7. Managing schema migrations

When you use Snowplow, the schema for each event and context lives with the data. That means you have the flexibility to evolve your schema definition over time.

If you want to change your schema over time, you will need to:

  1. Create a new jsonschema file. Depending on how different this is to your current version, you will need to give it the appropriate version number. The SchemaVer specification we use when versioning data schemas can be found here
  2. Rerun igluctl static generate --with-json-paths to update the jsonpath file, sql table definition and create a SQL migration script. Note that you'll need to add the --force flag to ensure that the updated jsonpath and sql table definition files overwrite the existing files.
  3. Start sending data into Snowplow using the new schema version (i.e. update the Iglu reference to point at the new version e.g. 2-0-0 or 1-0-1 rather than 1-0-0). Note that you will continue to be able to send in data that conforms to the old schema at the same time. In the event that you have an event with two different major schema definitions, each event version will be loaded into a different Redshift table

Additional resources

Documentation on jsonschemas

  • Other example jsonschemas can be found in Iglu Central. Note how schemas are namespaced in different folders.
  • Schema Guru is a command line tool for programmatically generating schemas from existing JSON data.
  • Snowplow 0.9.5 release blog post, which gives an overview of the way that Snowplow uses jsonschemas to process, validate and shred unstructured event and custom context JSONs.
  • It can be useful to test jsonschemas using online validators e.g. this one.
  • json-schema.org contains links to the actual jsonschema specification, examples and guide for schema authors.
  • The original specification for self-describing JSONs, produced by the Snowplow team, can be found here.

Documentation on jsonpaths

  • Example jsonpath files can be found in Iglu central. Note that the corresponding jsonschema definitions are also stored in Iglu central.
  • Amazon documentation on jsonpath files can be found here.

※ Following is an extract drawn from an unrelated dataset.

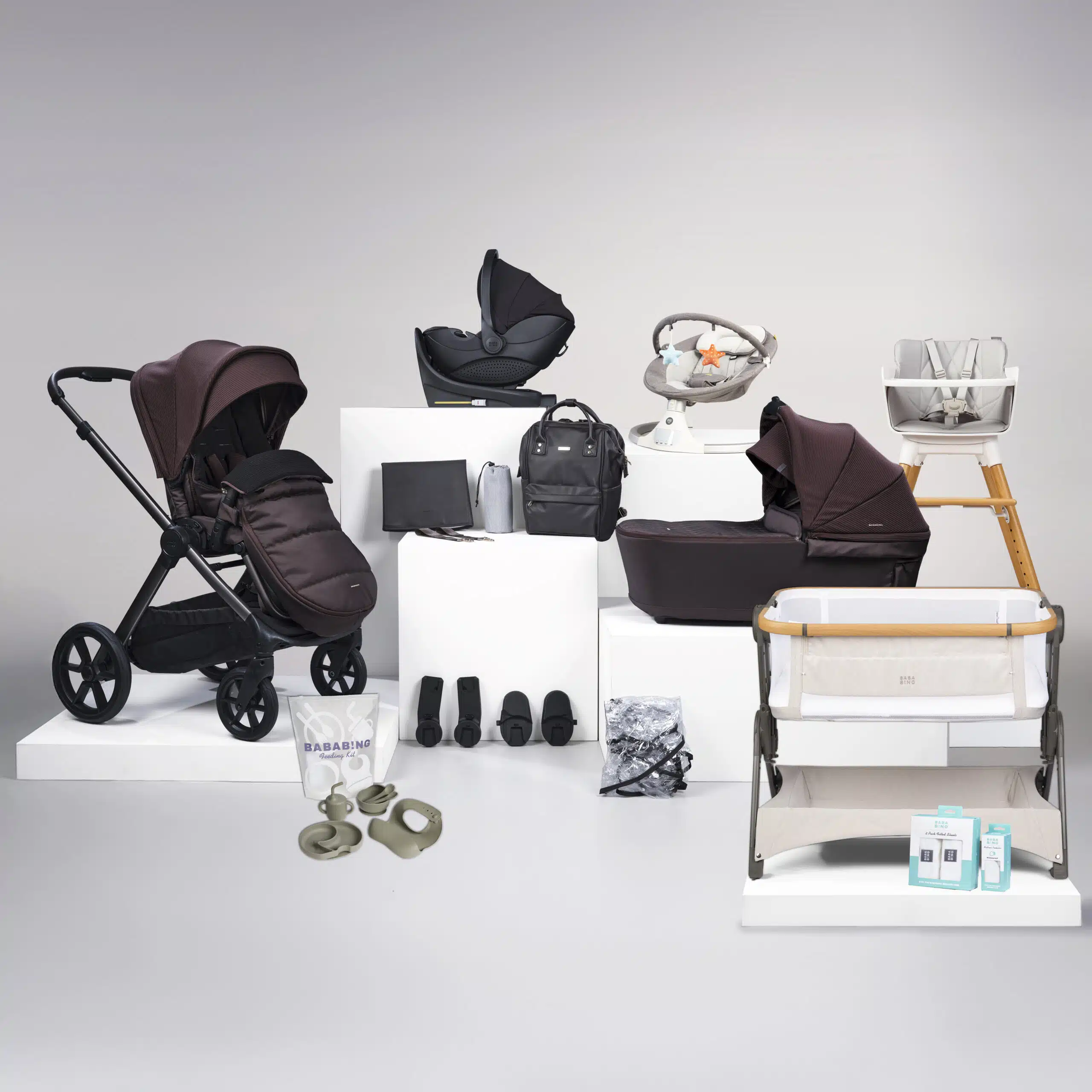 The Bababing 18 Piece Raffi Travel, Home & Feeding Bundle with Spin Car Seat & ISOFIX Base – Heritage is a premium all-in-one collection crafted to support modern family life from day one. Combining a complete travel system, smart sleep solutions, feeding essentials, and soothing comfort products, this eco-conscious bundle delivers function and style in one coordinated package.

Documentation on creating tables in Redshift

  • Example Redshift table definitions can be found on the Snowplow repo.
  • Amazon documentation on Redshift create table statements can be found here. A list of Redshift data types can be found here.

Copyright and license

The Iglu Example Schema Registry is copyright 2014-2022 Snowplow Analytics Ltd.

Licensed under the Apache License, Version 2.0 (the "License"); you may not use this software except in compliance with the License.

Unless required by applicable law or agreed to in writing, software distributed under the License is distributed on an "AS IS" BASIS, WITHOUT WARRANTIES OR CONDITIONS OF ANY KIND, either express or implied. See the License for the specific language governing permissions and limitations under the License.